Тоскливый рев сирен продолжался. Унылый, нарастающий, выматывающий душу звук. К нему примешались мерный рокот моторов, торопливое и уверенное хлопанье зениток.

Палата уже опустела. В дверь заглянула сестра. Широкая, в длинном халате, подчеркивающем могучие контуры ее тела.

— Это что еще за собрание? Все в скалу! Посетителям сейчас здесь вообще не положено... Дежурный врач разрешил? А он вам разрешил во время тревог в убежище не идти?

— Разрешил, — с апломбом сказал Зайцев. — А вы, сестрица присядьте с нами. Мы здесь до отбоя. Никому не помешаем. Шоколадку? А может быть, папироску? Или вы тоже в скалу?
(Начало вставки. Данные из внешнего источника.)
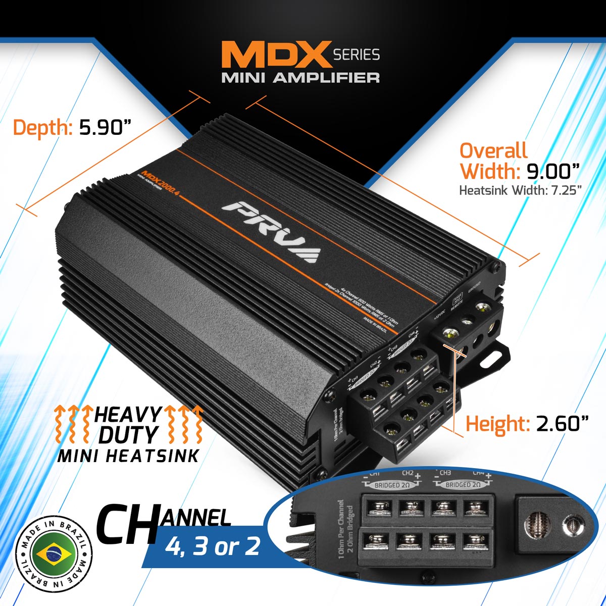 PRV Audio MDX2000.4 1 Ohm MINI 4 Channel Car Audio Amplifier 4 x 500 Watts RMS at 1 Ohm – Ultra Compact Stereo Amp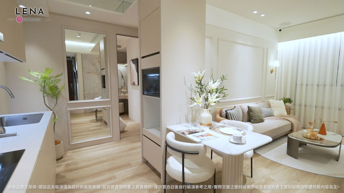 圖/29坪2房樣品屋。客廳寬約3.9米,雙窗採光明亮,附+1空間可隔作工作區;公私領域分明,提升居住舒適度。(翻攝 YT土地婆麗娜)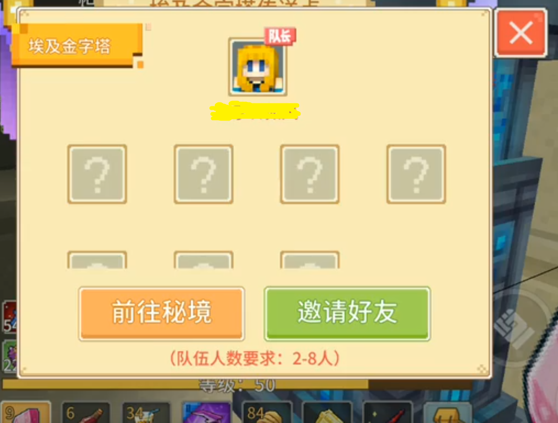 由于人数规定是2-8人,我们就要邀请好友来一起刷怪。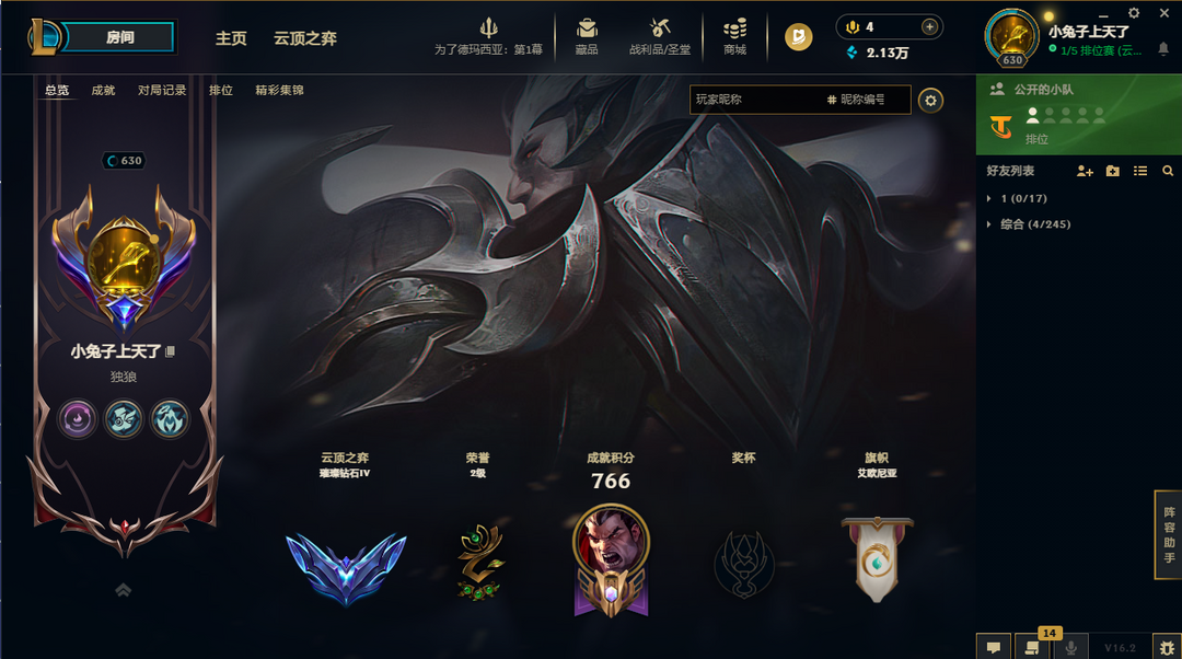 装备描述:一直都是自己玩的,最近比较忙不玩了单双灵活都可以打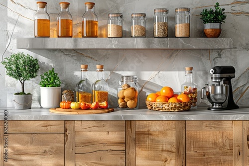 a kitchen counter full of food cooking tools and appliances professional advertising food photography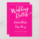 Den här gigantiska bröllopsinbjudan innehåller ett shock rosa- och vitt färg-schema. Den är parad med sans serif och script typsnitt, där den lustiga pun med rubriken "Bröllop Belles", deltagarens namn och uppgifter om bröllop, inklusive plats, datum och tidpunkt. Utstående egenskaper är den stora rubriken och det moderna monogrammet på baksidan. ⚠ Rubrikteckensnittet är Singapore. Om du vill använda speciella tecken kopierar du dem från www.zazzle.com/singapore_font_ligatures_poster-228436244039070899 ⚠ Bläddra i min samling efter matchande kuvert och kontorsmaterial. ・ ・ ・ Om du vill ha fler bröllop-paket kan du besöka min butik Zazzle.com/EventsByJessicaAmber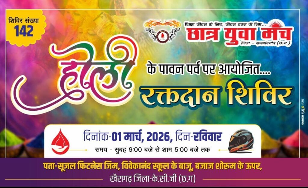 सत्यमेव न्यूज खैरागढ़। नगर में सामाजिक जागरूकता और जनसेवा को प्रोत्साहित करने की दिशा में एक नई पहल की जा रही है। छात्र युवा मंच एवं सुजल फिटनेस जिम के संयुक्त तत्वावधान में 1 मार्च 2026 रविवार को रक्तदान शिविर एवं ड्राइविंग लाइसेंस शिविर का आयोजन किया जाएगा। यह शिविर सुजल फिटनेस जिम परिसर विवेकानंद स्कूल के बाजू बजाज शोरूम के ऊपर खैरागढ़ में प्रातः 9 बजे से सायं 5 बजे तक संचालित होगा। आयोजकों के अनुसार रक्तदान शिविर का उद्देश्य अस्पतालों में रक्त की कमी को दूर करना और जरूरतमंद मरीजों को समय पर सहायता उपलब्ध कराना है। रक्तदान को महादान बताते हुए युवाओं से अधिक से अधिक संख्या में भागीदारी की अपील की गई है। इसी के साथ ड्राइविंग लाइसेंस शिविर में नए लाइसेंस बनवाने एवं नवीनीकरण की सुविधा एक ही स्थान पर उपलब्ध कराई जाएगी। इससे नागरिकों को प्रशासनिक प्रक्रिया में सहूलियत मिलेगी तथा सड़क सुरक्षा के प्रति जागरूकता भी बढ़ेगी। रक्तदान करने वाले सभी दाताओं को सम्मानस्वरूप एक एक हेलमेट प्रदान किया जाएगा जिससे वे सड़क सुरक्षा का संदेश भी समाज तक पहुंचा सकें। छात्र युवा मंच के पदाधिकारियों ने बताया कि सामाजिक सरोकार से जुड़े ऐसे कार्यक्रम आगे भी निरंतर आयोजित किए जाते रहेंगे। आयोजकों ने नगरवासियों युवाओं एवं सामाजिक संगठनों से अधिकाधिक उपस्थिति की अपील की है।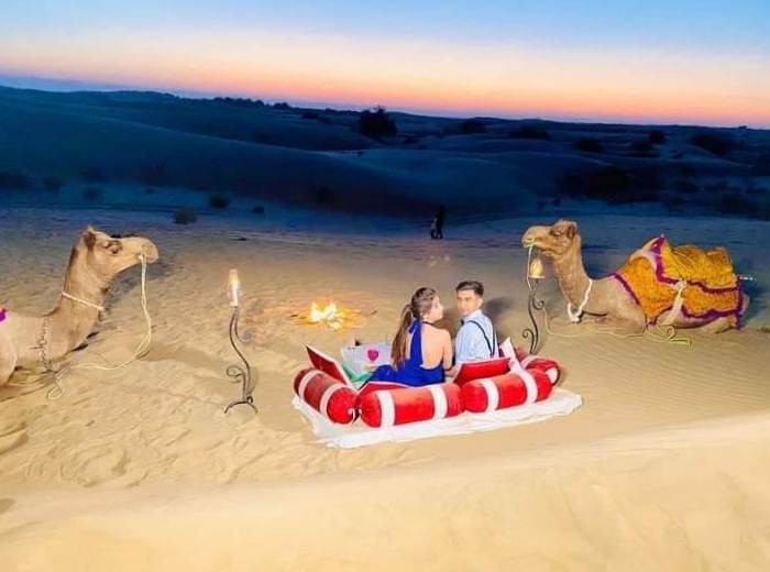 Create unforgettable memories with the best camps in Jaisalmer, and enjoy a candlelight dinner under the starry night sky in the Thar desert. Specially arranged for you and your loved one. Imagine a gentle desert breeze at night and traditional Rajasthani music in the background with a romantic atmosphere. During the dinner, you can enjoy both local as well as international cuisines. For your every romantic celebration, we are here to set the mood. With our luxury desert camps in Jaisalmer, you can experience a romantic getaway.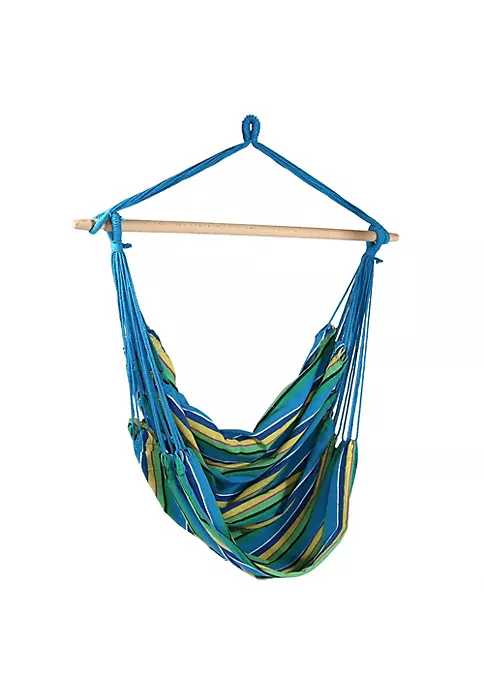 These vibrant, large hammock chair swings will add comfort and whimsy to any outdoor space, patio, deck or yard. The chair features a very roomy seat made of soft cotton material, durable polyester ropes and a sanded spreader bar for hanging.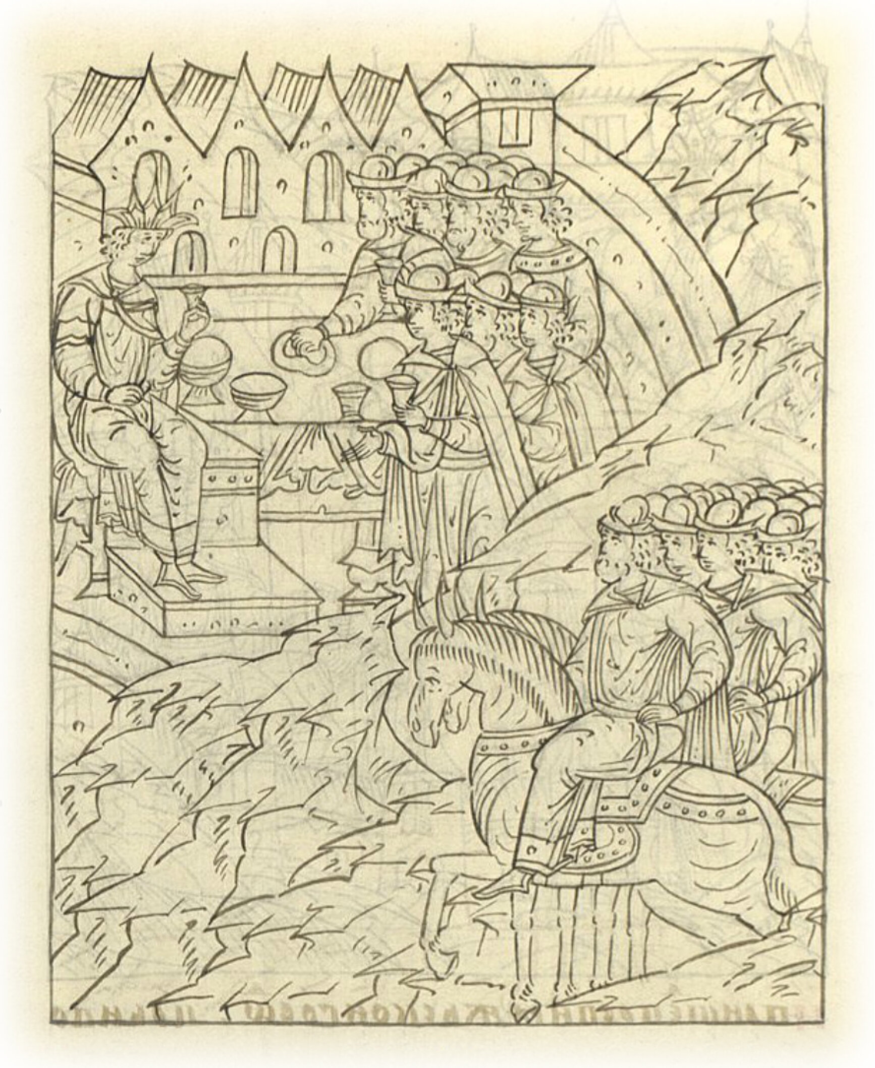 Ругодивские посадники Яким и Захар приезжают в Москву. Воеводы царя Ивана Васильевича Алексей Адашев и Иван Михайлов сообщают им, что государь пожалует их, если сдадут его воеводам помимо Ругодива Вышгород.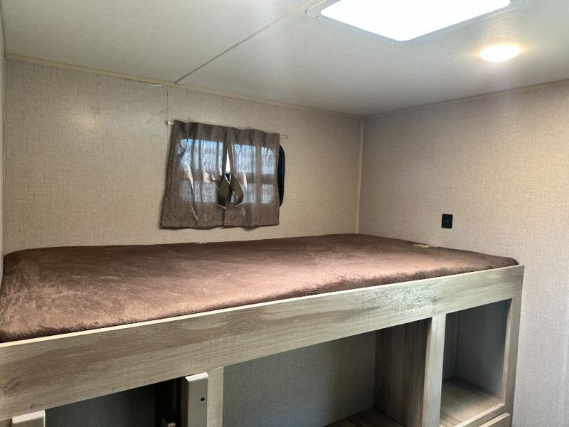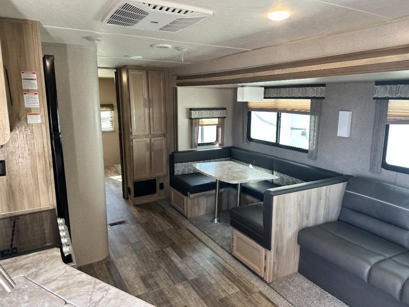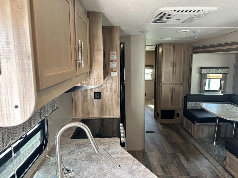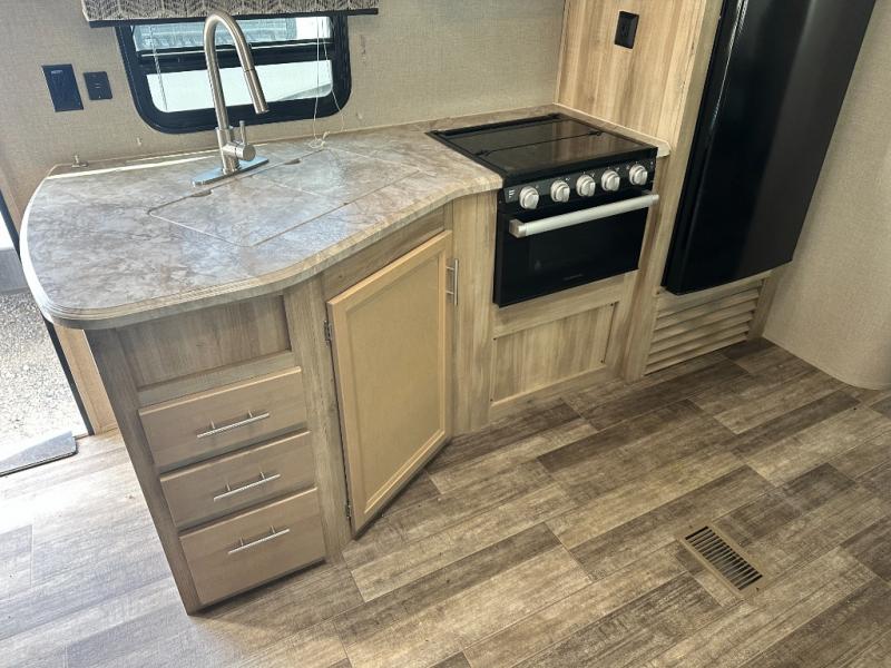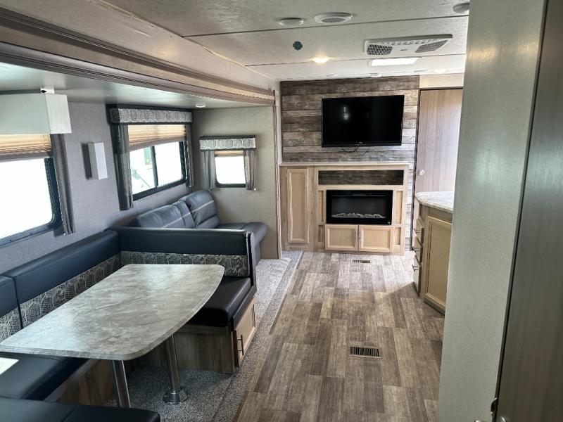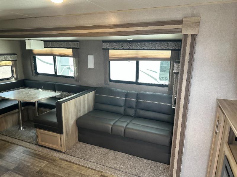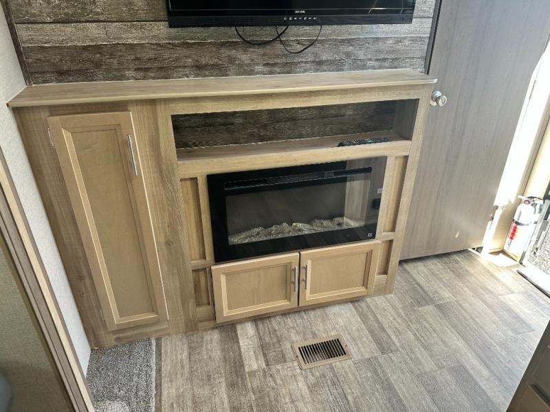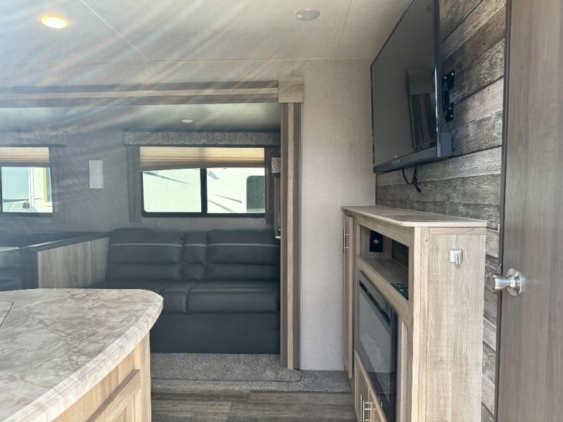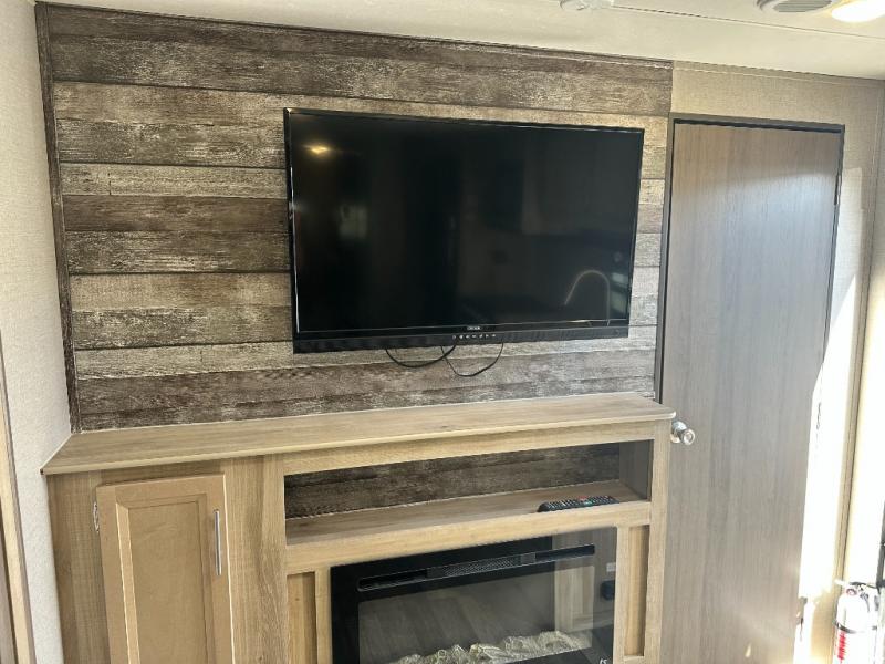 A larger family will love all the space in this trailer with a slide out in the bunkhouse and a second slide out in the main living area! The kids will claim their own bunk bed or COA cube futon to sleep on at night and they will find storage fro their things in the wardrobes and cabinets. You will have dual wardrobes in the private bedroom on the opposite side, and your own walk-around queen bed. The outside full-size camper kitchen might be one of your favorite features or maybe its the 21' electric awning with the choice of LED lighting color to keep the party going into the night. On the chilly evenings, hang out inside at the U-shaped dinette or sofa and watch the 39" LED TV with dual zone entertainment sound bar and optional fireplace. And the inside kitchen has full amenities.

— Мне в скалу нельзя, — угрюмо сказала сестра. — Я дежурная по этажу. А вот если вы не уйдете, — честное краснофлотское, вызову дежурного врача, заработаете губу за неподчинение приказам.

— Это вы в своем праве, сестрица, — галантно произнес Зайцев. — А с другой стороны, возникает вопрос... Да вы присядьте, обсудим, как боевые друзья...

— Вот пойду и доложу дежурному врачу, — сказала сестра, исчезая в дверях.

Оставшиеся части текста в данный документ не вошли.